Alasan Dibalik Tingkat Tinggi Bullying Relasional

Bullying relasional menjadi sangat umum selama tahun-tahun awal sekolah menengah karena remaja memiliki kemampuan sosial yang kuat namun masih belum cukup emosional. Kombinasi ini menciptakan tempat berkembang biak yang sempurna untuk berbagai bentuk agresi sosial. Jika dibiarkan tidak terkendali dengan memperoleh keterampilan dan strategi resolusi konflik untuk menguraikan situasi, remaja akan mengalami perilaku bullying lebih dari yang seharusnya.

Bullying Sekolah Menengah dan Agresi

Bullying relasional adalah bentuk agresi yang halus. Karena itu, penindas relasional yang efektif harus memiliki pemahaman yang kompleks tentang dinamika sosial. Dibandingkan dengan perkembangan sebelumnya, remaja lebih mampu membaca isyarat sosial dan merundingkan hubungan interpersonal yang rumit. Kemampuan ini mengatur panggung untuk agresi relasional untuk berkembang.

Belajar dan Menarik Pemicu dalam Penindasan

Selain itu, pengganggu relasional harus tahu bagaimana menyebabkan orang lain merasa sakit. Pengetahuan ini membutuhkan kemampuan kognitif dan sosial yang maju, termasuk kemampuan untuk mengambil perspektif orang lain dan berempati. Anak-anak baru-baru ini mendapatkan kedua kemampuan itu, yang merupakan alasan lain bullying relasional di sekolah menengah umum. Siswa sekolah menengah lebih mampu memahami pemicu emosional dan memiliki kata-kata untuk menghubungkan titik-titik. Ketika waktunya sudah matang, anak-anak dapat menguji ketajaman mereka pada peserta yang tidak mau.

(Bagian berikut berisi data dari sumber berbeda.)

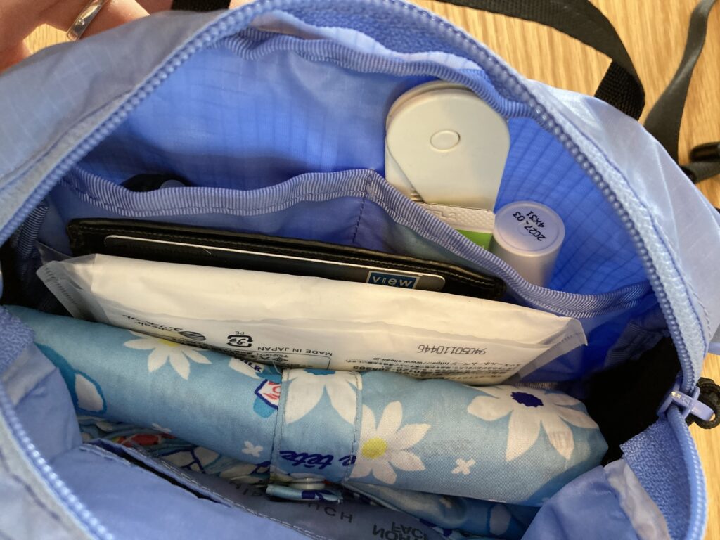 一つのバックで出かけたい時も、これだけ小さいと、気軽にポケッタブル仕様にして、念の為に入れておくこともできます。突然子供と遊具で遊ぶことになったり(うちではあるある)、そんな時サッと貴重品だけ身につけられて便利でした。もちろん、旅行の時なんかにバッグに入れておくのもおすすめです。散策や買い出しにちょっと動きたい時に使えると思います。

Bullying Sekolah Menengah dan Sisi Lembut Tweens

Anda mungkin pernah mendengar istilah "menyakiti orang, menyakiti orang." Tweens sangat sensitif dan terlalu egois. Begitu banyak sehingga mereka memproyeksikan perasaan mereka pada orang lain, sementara rekan-rekan remaja melakukan hal yang sama. Hal ini menyebabkan perkiraan yang terlalu tinggi tentang berapa banyak rekan mereka ingin menyakiti mereka.

Tanpa komunikasi yang baik tentang kedua sisi masalah, yang memberikan perasaan terluka dan kepekaan, mungkin sulit didapat. Oleh karena itu, mereka mungkin marah terlebih dahulu, meskipun tidak ada bahaya yang akan datang jika mereka tidak bertindak dan hanya berbicara tentang bagaimana perasaan mereka. Anak-anak perempuan, khususnya, tampaknya menggunakan pengasingan , salah satu bentuk agresi relasional, ketika mereka berpikir bahwa seseorang mungkin berencana untuk menolaknya .

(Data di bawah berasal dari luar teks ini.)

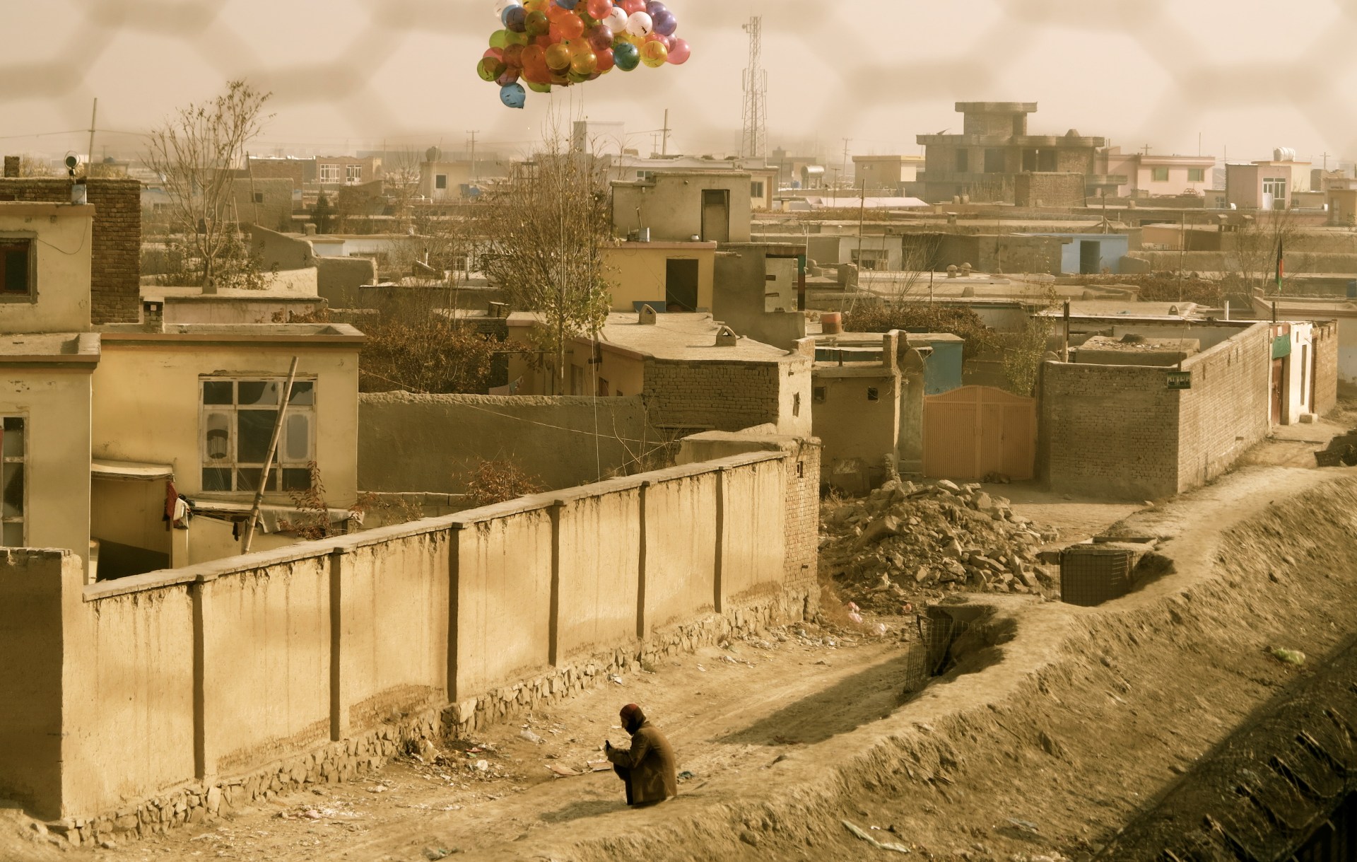 One photograph Charlie took showed a man holding a collection of helium balloons that floated above the terrain: 'It gave a small sense of hope, which we now realize was too optimistic. 'It was shot from behind barbed wire, yet it was an ordinary scene in a war setting. It's this contrast.'

Bullying Sekolah Menengah dan Pembangunan Sosial

Semua dalam semua, perkembangan sosial anak-anak sudah cukup maju. Sementara perkembangan sosial ini memungkinkan mereka untuk melakukan banyak hal positif, seperti membentuk persahabatan jangka panjang dan bertindak sebagai pemimpin, itu juga memungkinkan mereka memanipulasi rekan-rekan mereka secara efektif. Ketika regulasi emosi mereka berkembang lebih jauh, agresi relasional menjadi kurang umum karena mereka belajar untuk memeriksakan perilaku mereka yang menyakitkan . Ketika Anda mengamati interaksi tween Anda, perhatikan bagaimana reaksi mereka terhadap agresi relasional. Ubah situasi ini menjadi momen yang dapat diajar yang akan membantu mereka menangani situasi dengan lebih baik dari waktu ke waktu.

Sumber:

Leadbeater, Bonnie. Bisakah kita melihatnya? Bisakah kita menghentikannya? Pelajaran yang diambil dari kolaborasi penelitian universitas-masyarakat tentang agresi relasional. 2010. Ulasan Psikologi Sekolah; 39, 4: 588-593.